Quantum Power Flow
Fei Feng, Yifan Zhou, Peng Zhang

TL;DR
This paper introduces quantum power flow algorithms that leverage quantum computing for efficient power system analysis, including a quantum-state model and optimized HHL algorithm, showing promising initial results.
Contribution
It presents a novel quantum power flow framework with a quantum-state model and an improved HHL algorithm for faster, more efficient power system computations.
Findings
Validated accuracy of quantum power flow algorithms
Demonstrated efficiency improvements in quantum HHL implementation
Showed potential for quantum computing in power system analytics
Abstract
This letter is a proof of concept for quantum power flow (QPF) algorithms which underpin various unprecedentedly efficient power system analytics exploiting quantum computing.
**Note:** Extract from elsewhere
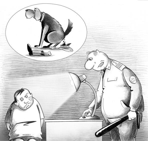 Боря типичный мент а-ля Шариков сидел в углу с разбитым лицом и в порванной рубашке.

Our contributions are three-fold: 1) Establish a quantum-state-based fast decoupled model empowered by Hermitian and constant Jacobian matrices; 2) Devise an enhanced Harrow-Hassidim-Lloyd (HHL) algorithm to solve the fast decoupled QPF; 3) Further improve the HHL efficiency by parameterizing quantum phase estimation and reciprocal rotation only at the beginning stage. Promising test results validate the accuracy and efficacy of QPF and demonstrate QPF's enormous potential in the era of quantum computing.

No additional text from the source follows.